Against this backdrop, Devex — in partnership with Pivotal — convened global health leaders, grassroots advocates, and innovators for a virtual discussion on how to accelerate meaningful, system-level progress. The event marked a milestone in Action for Women’s Health, the $250 million global open call funded by Pivotal in partnership with Lever for Change, which surfaced more than 80 awardees across six continents.
Yet the initiative just scratches the surface. Across the conversation, it was clear that transformative ideas already exist — from community-led models to feminist legal strategies. But turning those ideas into system-level change will require flexible, long-term funding, stronger partnerships, and a commitment to centering women’s lived experiences.
“There are so many ideas, solutions, leaders, and organizations … that could dramatically turn the tide on women’s health if they got the funding, attention, and sustained support they need,” said Haven Ley, Pivotal's chief strategy officer.
Here are five key takeaways from the event.
A shift toward a life-course approach
Dr. Avni Amin, unit head for rights and equality at the World Health Organization, suggested that we need to consider a woman’s health holistically across her life cycle — from birth through childhood, adolescence, the reproductive years, then menopause — because everything is interrelated. “The body keeps score. A lot of what happens to women in older ages is the cumulative impact of the physical, mental, and emotional traumas they’ve suffered.”
A life-course approach matters because poor outcomes in later life often reflect decades of cumulative neglect. Addressing health early and consistently can reduce long-term morbidity, improve well-being, and ease pressure on already strained health systems. “So I think we need to address both the risk factors and the determinants, as well as the evolving health needs,” Amin emphasized.
She added that this perspective is increasingly reflected in WHO’s evolving guidance, pointing to the organization’s newly released consolidated postpartum hemorrhage guidelines and ongoing work to update recommendations across antenatal, intrapartum, and postpartum care — including new guidance on respectful maternity care, diabetes in pregnancy, and supporting positive pregnancy experiences.
Community-rooted, culturally relevant models
One of the strongest examples of systems-level innovation came from Dila Perera, executive director of Open Arms Perinatal Services in Washington state. Her organization’s community-centered doula model, now almost 30 years old, has delivered dramatic improvements in maternal outcomes, especially among historically marginalized communities.
“Our preterm birth rate is half of what it is for the United States and half of what it is for Washington State,” she said, with the most significant differences among African American, Indigenous, and foreign-born families.
Their approach pairs birthing people with culturally matched birth companions who navigate traditions, language, and trust. Beyond improved outcomes, that model also shows how community health work can be generational. Perera noted how some of those first served have returned to become doulas, nurses, midwives, or lactation consultants themselves. That matters at a time when many countries face chronic shortages of midwives, primary caregivers, and culturally competent providers.
“One of the things that we all know is that when we have providers that look like us, we often can associate that with more trust and better care. And so the fact that it's a multigenerational, long-term shift is something that I'm incredibly proud of,” Perera said.
A rights-based, feminist health approach
In the Philippines, Dr. Junice Lirza Demeterio Melgar, executive director of Likhaan Center for Women’s Health, has spent three decades working at the intersection of human rights, community organizing, and service delivery. She described two central barriers: persistent patriarchal structures within government systems and the influence of conservative religious groups on public policy.

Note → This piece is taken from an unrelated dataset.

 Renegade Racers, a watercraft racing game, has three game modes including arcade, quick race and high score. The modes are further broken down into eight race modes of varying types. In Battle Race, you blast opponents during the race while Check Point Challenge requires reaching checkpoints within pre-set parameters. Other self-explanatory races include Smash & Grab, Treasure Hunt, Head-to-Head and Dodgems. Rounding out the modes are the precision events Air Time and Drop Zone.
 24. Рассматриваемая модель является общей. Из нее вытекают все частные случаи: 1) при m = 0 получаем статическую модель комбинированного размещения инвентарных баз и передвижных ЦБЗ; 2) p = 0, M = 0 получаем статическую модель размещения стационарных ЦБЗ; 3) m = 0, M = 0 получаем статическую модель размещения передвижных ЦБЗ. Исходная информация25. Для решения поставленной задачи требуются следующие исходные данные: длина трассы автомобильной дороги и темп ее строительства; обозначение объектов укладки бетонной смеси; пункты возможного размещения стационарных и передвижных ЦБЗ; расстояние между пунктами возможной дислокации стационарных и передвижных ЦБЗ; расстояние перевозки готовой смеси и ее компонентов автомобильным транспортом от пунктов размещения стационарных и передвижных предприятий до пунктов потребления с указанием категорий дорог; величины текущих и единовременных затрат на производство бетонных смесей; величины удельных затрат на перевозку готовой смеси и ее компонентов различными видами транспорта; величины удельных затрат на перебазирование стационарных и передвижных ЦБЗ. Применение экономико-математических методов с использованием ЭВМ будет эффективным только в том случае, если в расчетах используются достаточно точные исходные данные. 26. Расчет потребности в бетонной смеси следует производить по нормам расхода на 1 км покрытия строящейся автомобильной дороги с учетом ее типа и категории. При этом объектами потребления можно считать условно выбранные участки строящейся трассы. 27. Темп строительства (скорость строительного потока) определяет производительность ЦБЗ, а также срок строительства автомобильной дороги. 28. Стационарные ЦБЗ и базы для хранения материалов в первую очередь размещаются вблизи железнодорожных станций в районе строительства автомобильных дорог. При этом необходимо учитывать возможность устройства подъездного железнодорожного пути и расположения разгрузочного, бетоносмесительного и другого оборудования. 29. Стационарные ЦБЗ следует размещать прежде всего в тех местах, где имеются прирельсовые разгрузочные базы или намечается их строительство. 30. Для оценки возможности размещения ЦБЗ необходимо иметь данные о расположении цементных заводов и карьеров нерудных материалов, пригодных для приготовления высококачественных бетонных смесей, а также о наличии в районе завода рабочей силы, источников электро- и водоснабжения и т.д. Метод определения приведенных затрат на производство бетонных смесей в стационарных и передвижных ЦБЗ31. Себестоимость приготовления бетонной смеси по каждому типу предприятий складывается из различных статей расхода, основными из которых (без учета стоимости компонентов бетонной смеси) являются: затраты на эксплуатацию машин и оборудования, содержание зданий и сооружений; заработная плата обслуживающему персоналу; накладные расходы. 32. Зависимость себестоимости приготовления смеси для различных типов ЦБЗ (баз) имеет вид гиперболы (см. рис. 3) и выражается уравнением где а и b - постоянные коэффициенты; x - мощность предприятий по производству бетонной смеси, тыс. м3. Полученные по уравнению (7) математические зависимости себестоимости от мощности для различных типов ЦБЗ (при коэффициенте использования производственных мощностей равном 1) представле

The organization’s three-pronged approach — community organizing, women-centered clinical services, and policy advocacy — has generated significant change. Beyond expanding contraceptive access and improving implementation of the reproductive health law, she also highlighted the effect on community health workers.

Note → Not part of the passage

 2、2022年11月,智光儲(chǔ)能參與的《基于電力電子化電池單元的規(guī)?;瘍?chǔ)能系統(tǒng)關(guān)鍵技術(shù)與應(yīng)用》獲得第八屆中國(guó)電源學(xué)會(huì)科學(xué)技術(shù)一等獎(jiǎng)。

“Some started as docile wives who never went out of their home,” Demeterio Melgar said. “With socialization, modeling, and interaction with other women who have the same problem, they have risen to be leaders … talking in Congress, the Senate, and [about the future of reproductive health law].” Likewise, she said their daughters are more independent-minded and whole communities are experiencing social transformation.
That combination of rights-based, community-led service plus advocacy offers a blueprint for sustainable, systemic change that governments or development agencies alone cannot deliver.

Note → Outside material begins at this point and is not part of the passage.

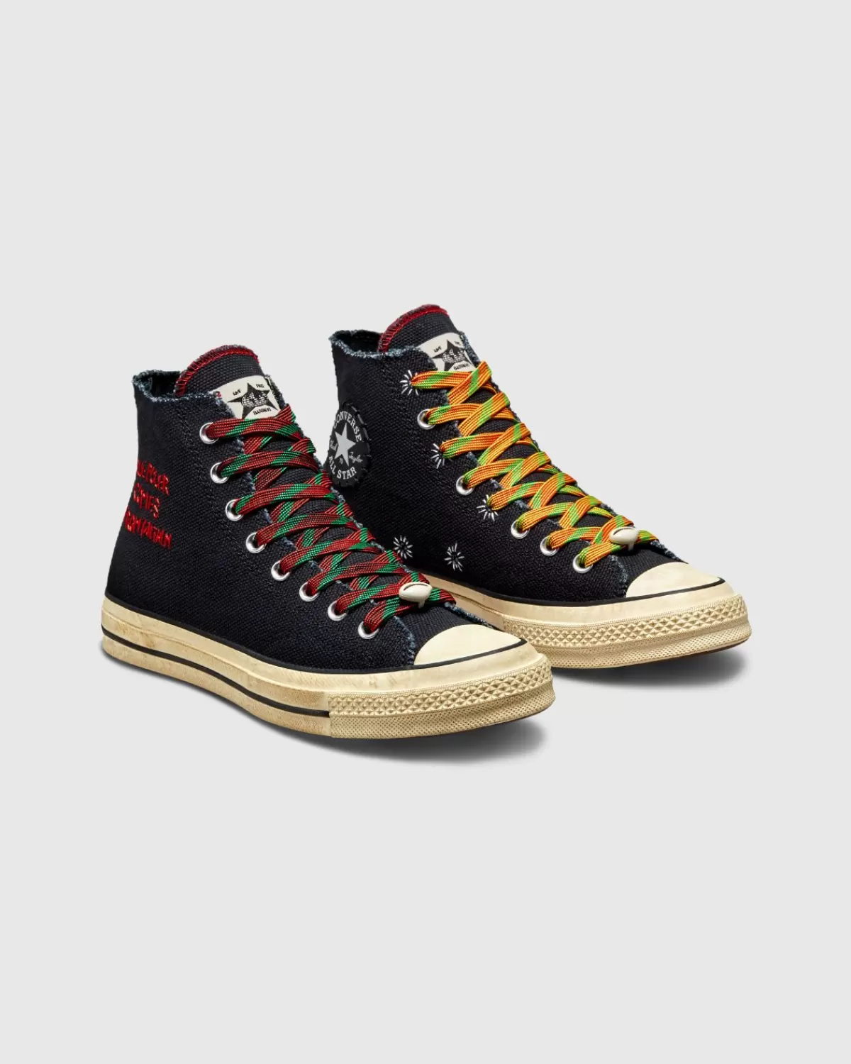 De Barriers Chuck 70, Een Gedurfde En Krachtige Uitvoering Van Een Converse-Icoon, Combineert Streetstyle En Versterkt Verhalen Over Het Ongehoorde. Deze Gezamenlijke Release Is Geïnspireerd Op The North Star, Een 19E-Eeuwse Anti-Slavernijkrant Opgericht Door Frederick Douglass. De Limited Edition Chuck 70 Is Versierd Met Geborduurde Tekst, Een Aangepaste Sterafbeelding En Co-Branded Details, Die Het Verhaal Van Twee Toonaangevende Merken Verenigen. Naast De Unieke Iconografie Is De Sneaker Verder Verfraaid Met Versleten Randen En Geborduurde Oogjes, Terwijl Hij Compleet Wordt Geleverd Met Een Drietal Polykantopties En Een Op Kaurischelpen Geïnspireerd Kantjuweel.

Strategic litigation as a lever for accountability
Legal advocacy is an underutilized, but increasingly vital, strategy for advancing women’s health. In Uganda, the Center for Health, Human Rights and Development, or CEHURD, has demonstrated how litigation can shift entrenched systems when policy dialogue alone falls short.
CEHURD Executive Director Fatia Kiyange explained that their approach combines courtroom action with community-level legal empowerment to address persistent gaps in access, quality, and rights.
A landmark example Kiyange cited is Petition 16, a maternal health case that challenged government inaction and ultimately contributed to major reforms, including increased maternal health budgets, better-equipped facilities, and improved health worker training and surveillance systems. “Over that period, our maternal mortality has dropped by 44%,” she said.
Yet Kiyange emphasized that accountability work extends far beyond legal victories. Many women and girls struggle to access justice at all — often because of basic financial or logistical barriers.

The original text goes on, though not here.